1 Introduction et problématique
1.1 Le corpus principal du mémoire
1.1.1 Le livre brisé
À l'occasion d'une étude sur le genre de l’autofiction, il ne serait que logique de
choisir comme objet d'étude une des œuvres de l’écrivain “ responsable ” de cette
marque générique, Serge Doubrovsky. Outre le roman intitulé Fils (1977), Le livre
brisé (1989) est, selon son auteur, la preuve parfaite qu'il est possible de créer un texte
à la fois factuel et fictionnel ; un récit de vie plus ou moins romancé, où il y a identité
nominale entre auteur, narrateur et protagoniste. Ce roman est une exposition de soi,
surtout de la vie amoureuse de son auteur, où le narrateur raconte sa vie scandaleuse
avec des femmes. Sauf une, elles font toutes partie de son passé, et Doubrovsky les
fait monter du « séjour des morts » en écrivant leur histoire par rapport à lui-même.
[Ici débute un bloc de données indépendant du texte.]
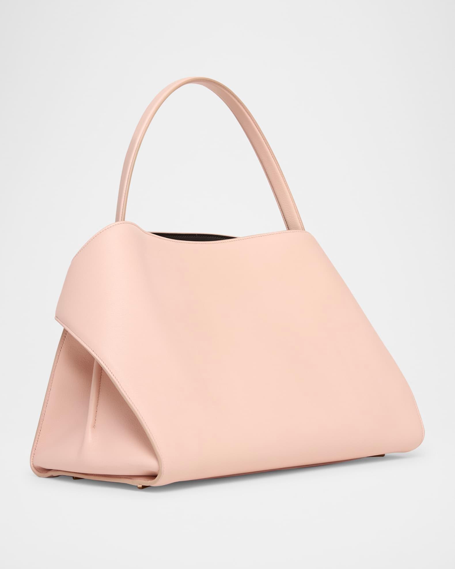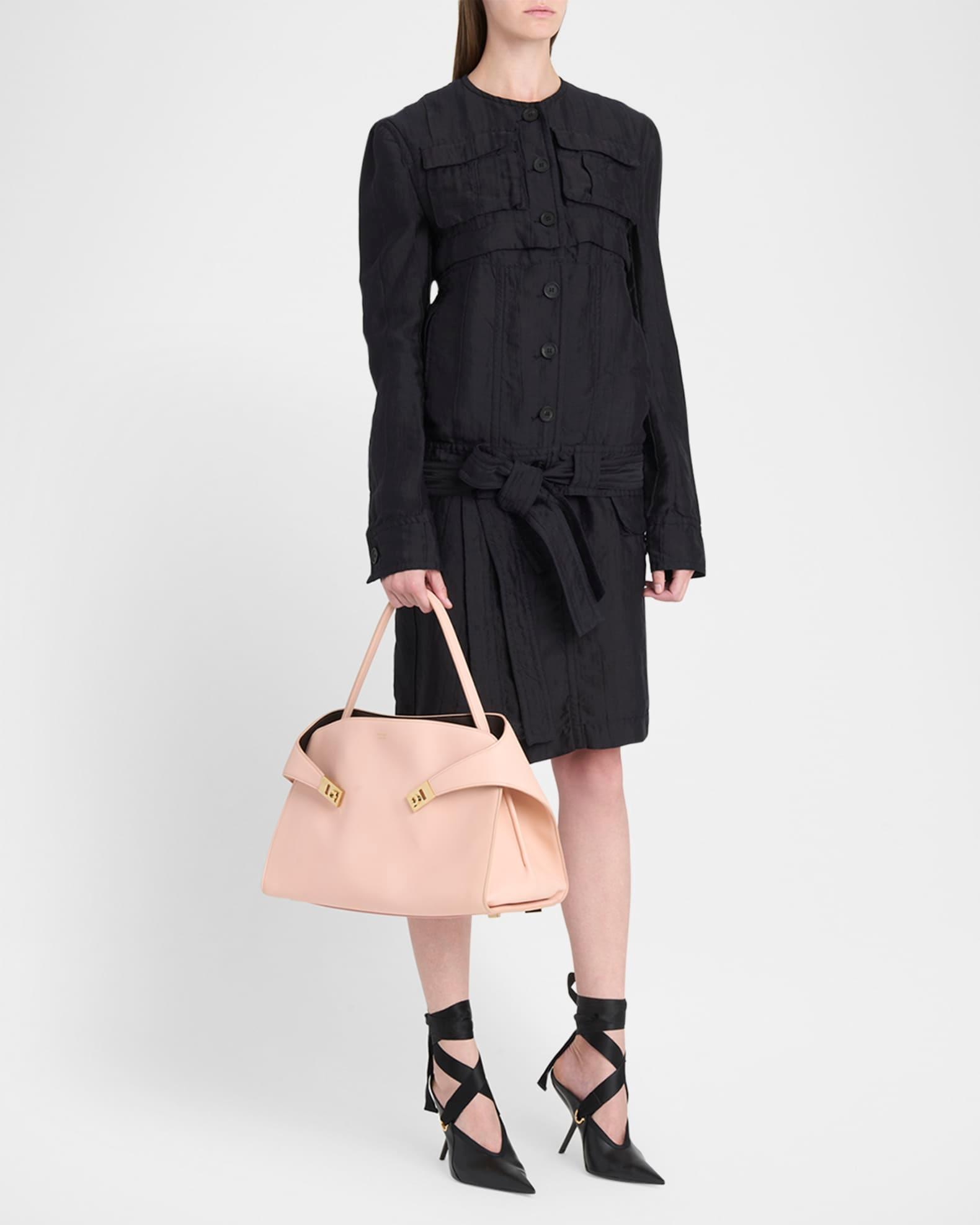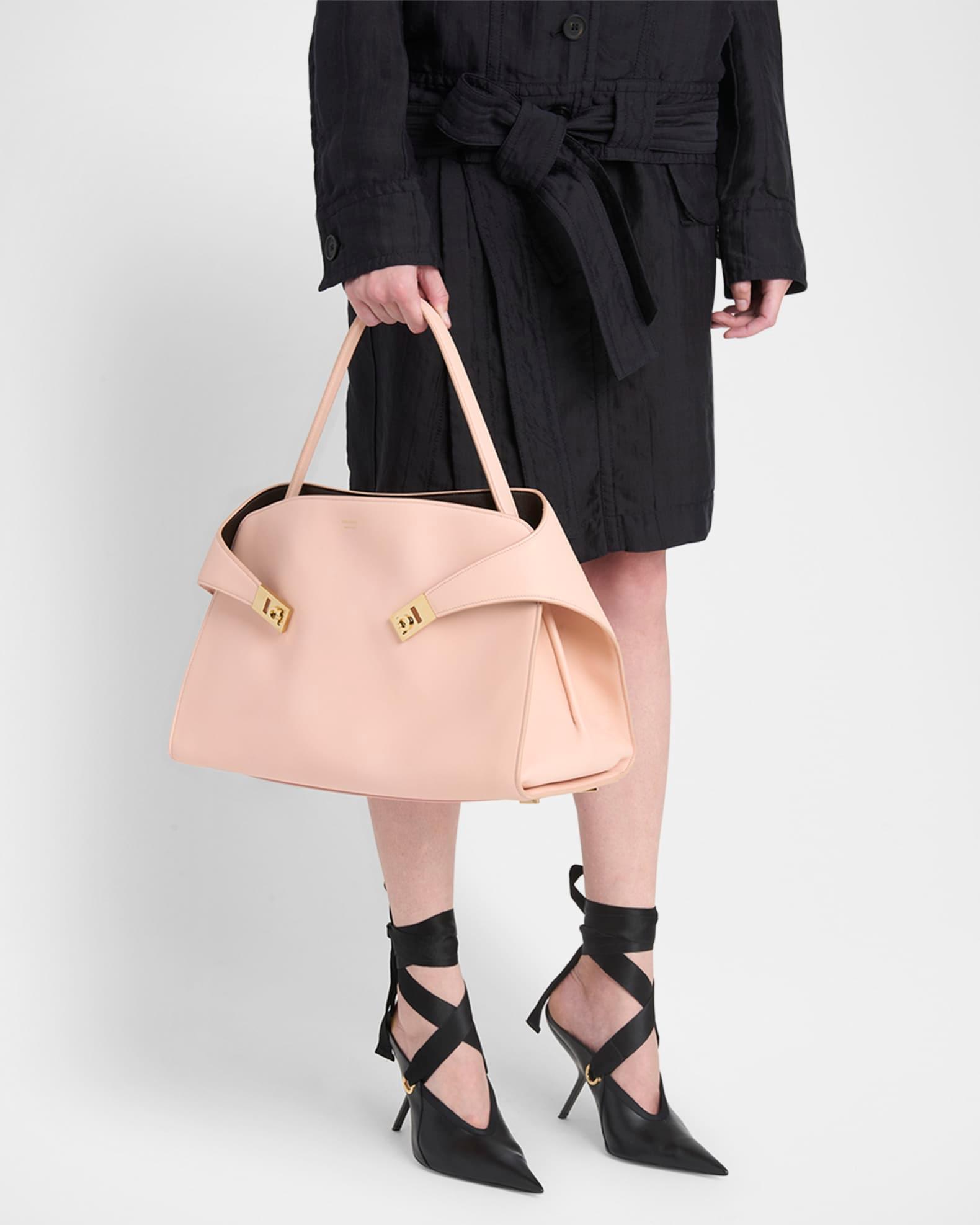 The Hug bag is reimagined in a deconstructed style, giving life to the new Hug soft shoulder bag. Characterized by its unmistakable wrap-around design, this variant features a single handle that adds greater softness to the front quadrant, illuminated by the Gancini buckles in a golden finish. Closed with an internal flap equipped with magnets and a practical t-bar, this medium-sized version features a contrasting interior for a refined color block effect. The central compartment with a zip ensures perfect functionality. Ferragamo "Hug" shoulder bag in smooth calf leather Shoulder strap Open top with side Gancini clasp closures Center zip compartment divides interior; one slip pocket Contrast lining Feet protect bottom of bag Approx. 12"H x 15.7"W x 5.9"D Made in Italy

En tant qu'autofiction, ce roman est un récit intra-homodiégétique1, écrit à partir d’un
présent d’énonciation narrative. Le narrateur juif, inspiré par la philosophie
existentialiste, nous présente ses réflexions sur la situation juive par rapport à la
Seconde Guerre mondiale, toujours dominé par une certaine ironie. L'ironie domine
dans le texte romanesque. Le narrateur y traite de ses relations amoureuses et
catastrophiques, notamment de sa relation à Ilse, sa présente femme qui meurt,
probablement par suicide, après avoir lu quelques passages très durs sur elle-même
dans le manuscrit qu'est en train d'écrire son mari. Sa mort marque une rupture dans le
texte, qui aura dès ce moment-là, une forme stylistiquement plus proche de
l’autobiographie. Change alors le statut générique du texte au milieu même du récit.